Common questions about Chemo!

Chemotherapy or chemo is a systemic therapy in which medications destroy cancer cells in your body, Chemo may be used alone or along with other medications or therapies such as such as surgery, radiation and biological therapy to slow or stop the growth and spread of cancer, Most often Chemo is given By IV or injection, a cream, or liquid capsule or pills and can be placed through out the body, Chemo can also be given by a pump either inside or outside the body.

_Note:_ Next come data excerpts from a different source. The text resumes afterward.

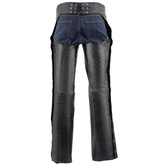 Milwaukee Leather Men's Black Premium Leather Motorcycle Rider Chaps w/ Thigh Pocket and Mesh Liner-ML1190
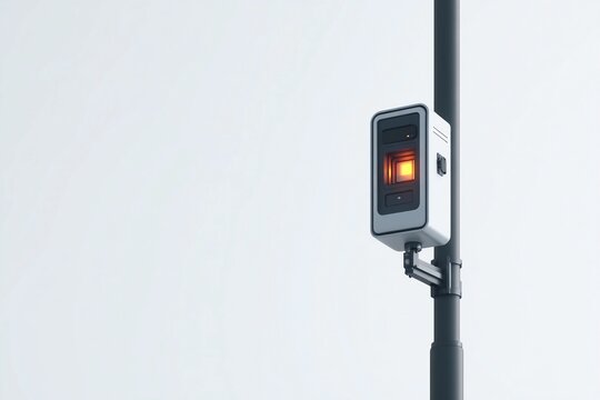 Minimalist air quality sensor mounted on pole in urban setting during daylight
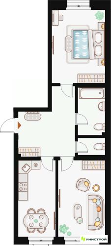 В квартирах выполняется предчистовая отделка с использованием качественных материалов: металлические двери, тепло- и шумоизоляция, энергоэффективные стеклопакеты, скрытая разводка коммуникаций и радиаторы с терморегуляцией.
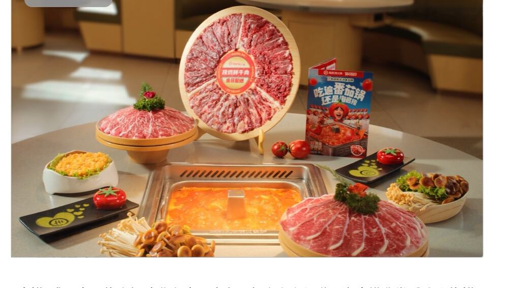 不少海底捞火锅门店改造升级为“海底捞鲜切工坊”后,鲜切肉品的点击率持续提升。截至2025年9月底,主打鲜切鲜活产品的标准版主题店已营业超100家,涵盖鲜切牛肉、鲜活海鲜、鲜切羊肉、鲜切脆皖鱼、鲜切黑猪等品类。
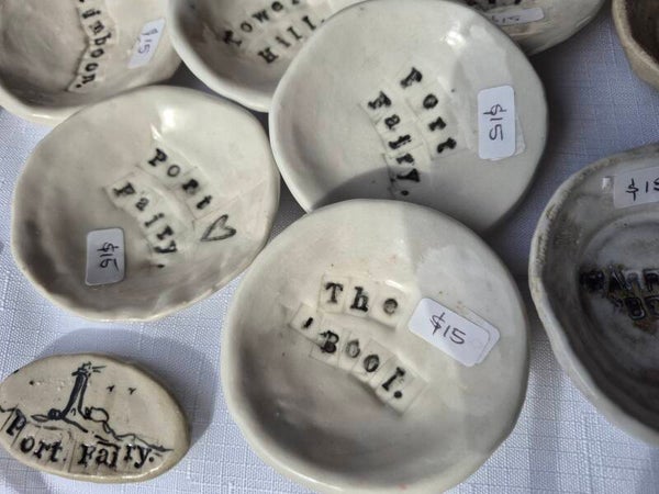 Our mini bowls are made from Terracotta and glazed in a delicious white thick gloss glaze with a smooth oozing texture not unlike snow or icing. Or, there is a choice of a smooth, white porcelain clay body finish with word inscriptions, such as, "Warrnambool". A very popular choice!
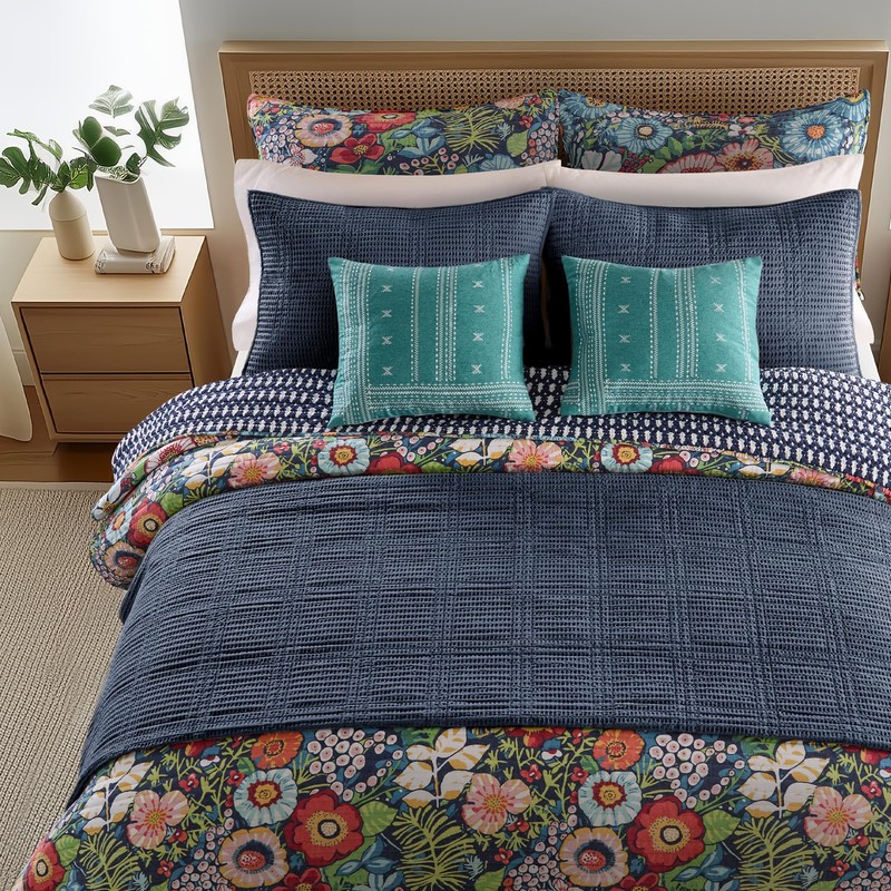 - COORDINATE DECOR: Create a wonderful bedroom space. The navy, red, pink, green, ochre and white design brings bohemian charm accents into your home, matching many different looks. Freshen your room with other items from the Night Garden collection.
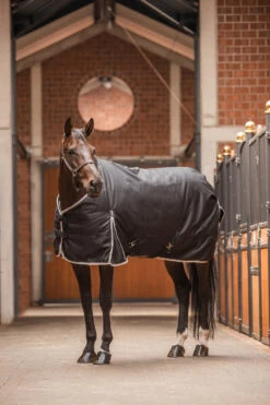 Unsere Horze Sudbury Decken bestehen aus zwei Teilen, die miteinander kombiniert werden können. Die wasserdichte Decke schützt dein Pferd vor Regen, während die Unterdecke es warm hält. Die 100 g schwere Regendecke ist mit zwei Frontschnallen, Kreuzgurten und Beinschnüren ausgestattet, die sie an ihrem Platz halten. Hohe Gehfalten schränken die Bewegungsfreiheit deines Pferdes nicht ein. Sie kann auch alleine getragen werden. Der Liner besteht aus einer 200 g Füllung. Er lässt sich vorne sicher verschließen und du kannst ihn einfach an der Regendecke befestigen, um an kalten Tagen einen 300g-Regenschutz zu haben.
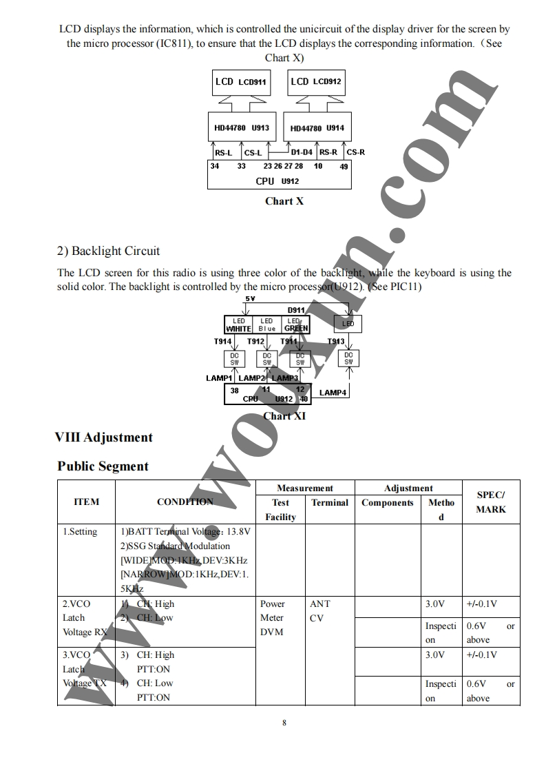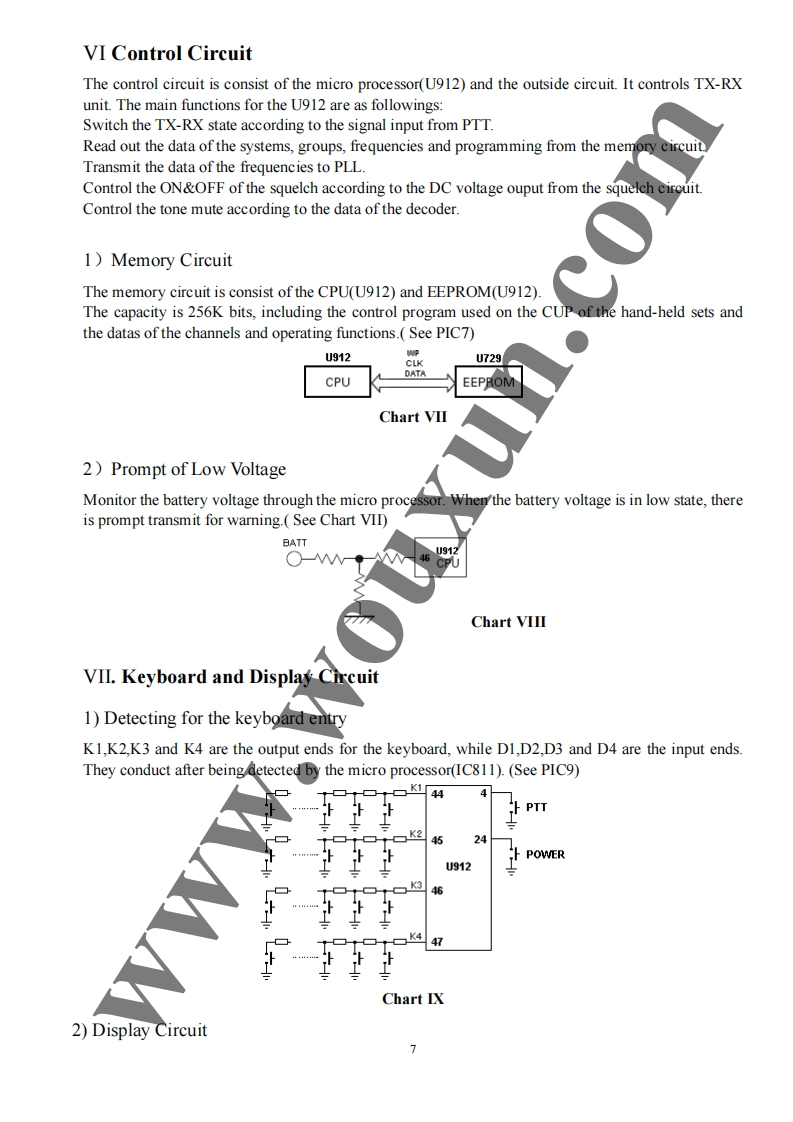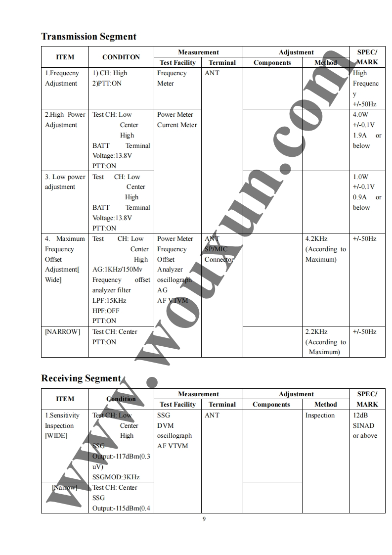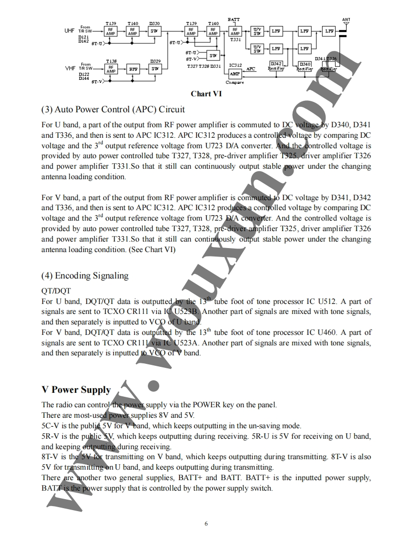 Twin Band Mobile Radio Service Manual简觉问兰罩总可的出尚是日TI Structure of FrequencyThis model uses twice frequency conversion.For UHF band,the l IF is 38.85MHz,and the 2d IF is455KHz;For VHF band,the 1 IF is 29.95MHz,and he 2 IF is 450KHZ.The 1st local oscillations isprovided by PLL circuit.PLL circuit is also produced the necessary transmitting frequencies(see ChartI).A,B,C,D frequency points of Chart I are as foflowings:ANTSP11st MIX38.85H238.395MHzANTSWAMPAudioAMPPLLrocessorFINALSWPRESP2U512TCXOMIX29.25MHzMCFU460ANTMICSWAMPAudioMIcProcessorAMPPLLPREDRIVE/COTCXO14.4MHzTriplerAX2Chart IStructure ofBDFrequency(1)136-174.995MHz165.250-204.245MHz400470.995MHz429.25-500.245MHz(2)136-174.995MHz165.250-204.245MHz450-520.995MHz479.25-550.245MHz3136-174.995MHz165.250-204.245MHz245-245.995MHz274.25-275.245MHz

Chemo is usually given in cycles, Some people will have a port placed by a Doctor so you don’t have to be poked so often.

Chemo is a cocktail of two or more chemo drugs.

Chemo treatment can be for any length of time, Your Doctor will give your plan of care. Chemo can last a few hours to most of the day. Everyone is different as far as symptoms and also depends on the medications given.

If you choose to skip a session, your cancer cells can continue to grow.

Some chemo patients can continue to work throughout chemo and always remember you may be able to shorten your days.

It usually takes a few weeks after your last session before you start to get over any symptoms you may have.

Usual test run to have Chemo, Your Hemoglobin- This is the protein in red blood cells that helps carry oxygen through out your body.
White blood cell counts- Help your body fight against infections. Platelets- enable your blood to clot.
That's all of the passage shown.